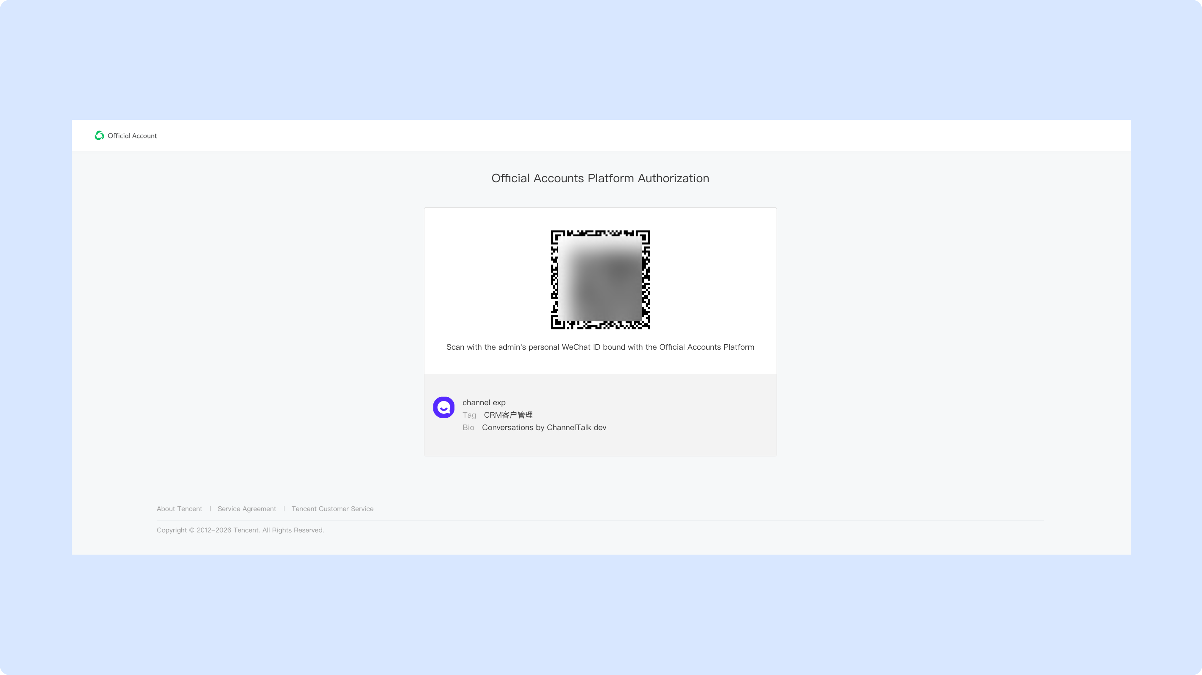 새 창으로 뜨는 QR 코드를 스캔한 후, 연동하려는 계정으로 위챗 로그인을 해주세요.
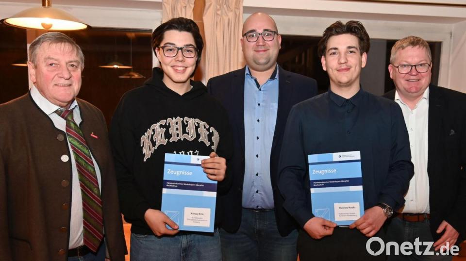Cerny räumte ein, dass sich derzeit die Arbeitswelt rasant verändere. In 20 oder 30 Jahren müssten sicher andere Herausforderungen bewältigt werden. Aber Leute, die anpacken könnten, "brauchen wir immer". Innungsobermeister Lukas Friedrich meinte, für die beiden neuen Junggesellen sei es eine besondere Lehrabschlussfeier. Denn die Zahl der Ehrengäste übertreffe die der Absolventen. Nur Koray Kilic, der im Bundeswehr-Dienstleistungszentrum Amberg Metallbauer gelernt hat, sowie Hannes Koch (Metallbau Kalkbrenner Edelstahltechnik GmbH in Sulzbach-Rosenberg) hätten sich heuer der Gesellenprüfung gestellt, das Ausbildungsziel erreicht und bekämen nun ihre Gesellenbriefe.
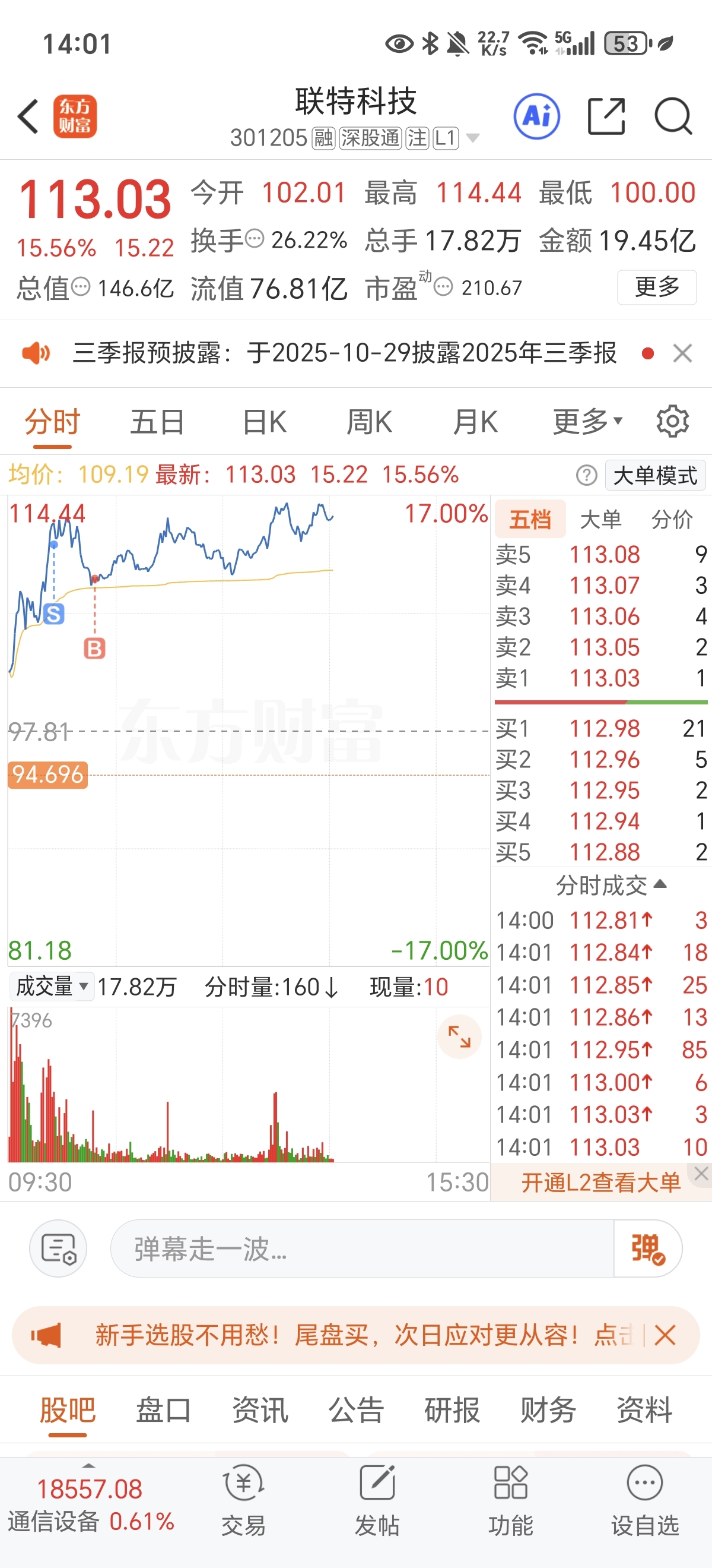 $联特科技(SZ301205)$ 最多只差3个点了,你确定不冲下涨停吗????
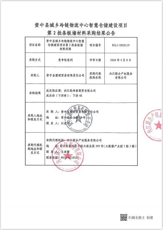 资中县城乡冷链物流中心智慧仓储建设项目第2批条板墙材料采购结果公告
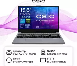 Ноутбук игровой Osio Cyberline С150i-003 i5-12600h/rtx4060 8Gb/16/512gb Titan
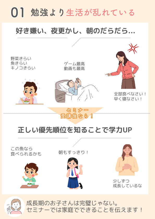 | 主な対象者 | 小学生~高校生・保護者様 | 受験生・保護者、および食事サポートをしたい人 |
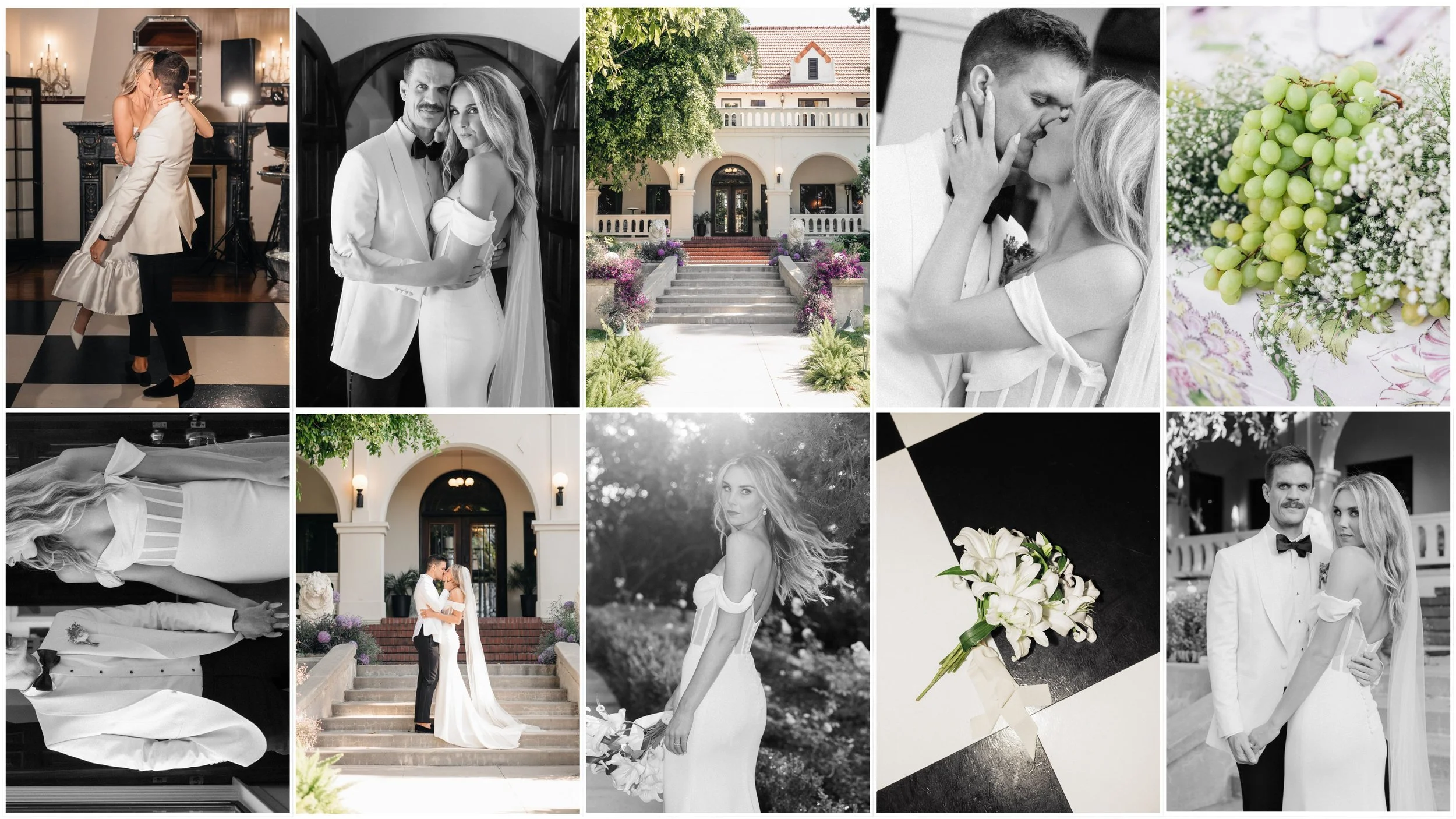 The dinner setup was moody magic, with custom tablecloths adorning tables lined with candelabras and arrangements of grapes and florals. In a tender nod to the couple’s very first date, a single Oreo sat on each napkin, mirroring the thoughtful gesture Michael made when he first met Rachel. :’) After dinner, a saxophonist led a PARADE to the dance floor, where everyone partied until the wee hours of the night.
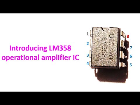 An operational amplifier gets its name from the original use of opamps in analog computers for mathematical operations. Op amps typically have two differential inputs and a single output. Non-inverting input is called V+ and inverting input is designated V-. LM358 is a low power dual operational amplifier integrated circuit. Power supply voltage can range from +3 to +30 Volts and input voltage can range from -0.3 Volts to supply voltage.
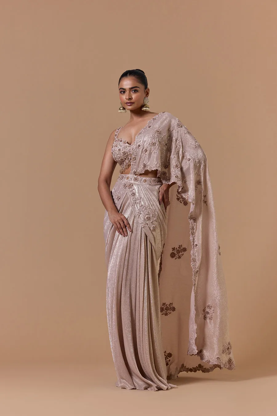 This soft champagne sari is crafted in a subtly shimmering fabric that drapes fluidly for an elegant, elongated silhouette. The sari is detailed with delicate embroidery and fine embellishments along the borders and pleats, adding refined texture without overwhelming the design. Paired with a coordinated embellished blouse and a softly detailed pallu, the ensemble balances modern sophistication with timeless grace.
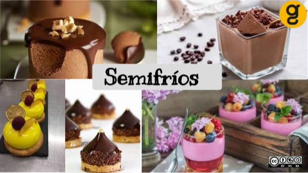 -Los semifríos son aquellas elaboraciones que por sus ingredientes y texturas gelatinizadas parcialmente, se consumen frías pero no heladas. -Los semifríos son elaboraciones que se caracterizan por una textura esponjosa y espumoso que adquieren gracias a su componente principal de nata semi-montada, una crema de base saborizante y un componente espesante que puede ser gelatina en hojas, en polvo o incluso cobertura fundida, que al volver a cristalizar nos da la estructura suficiente para estabilizar el producto. -Se pueden presentar de dos maneras: *En forma de crema dentro de un recipiente o vaso. *En forma de pastel o tarta. -Los semifríos se pueden congelar una vez elaborados, con la se consiguen dos efectos.
---*---
* _What is being asked_: In the records above, locate the line with "This soft champagne"; output it and each line after it through the last one, exactly, omitting pictures.

* _Result of the exercise_:
 This soft champagne sari is crafted in a subtly shimmering fabric that drapes fluidly for an elegant, elongated silhouette. The sari is detailed with delicate embroidery and fine embellishments along the borders and pleats, adding refined texture without overwhelming the design. Paired with a coordinated embellished blouse and a softly detailed pallu, the ensemble balances modern sophistication with timeless grace.
 -Los semifríos son aquellas elaboraciones que por sus ingredientes y texturas gelatinizadas parcialmente, se consumen frías pero no heladas. -Los semifríos son elaboraciones que se caracterizan por una textura esponjosa y espumoso que adquieren gracias a su componente principal de nata semi-montada, una crema de base saborizante y un componente espesante que puede ser gelatina en hojas, en polvo o incluso cobertura fundida, que al volver a cristalizar nos da la estructura suficiente para estabilizar el producto. -Se pueden presentar de dos maneras: *En forma de crema dentro de un recipiente o vaso. *En forma de pastel o tarta. -Los semifríos se pueden congelar una vez elaborados, con la se consiguen dos efectos.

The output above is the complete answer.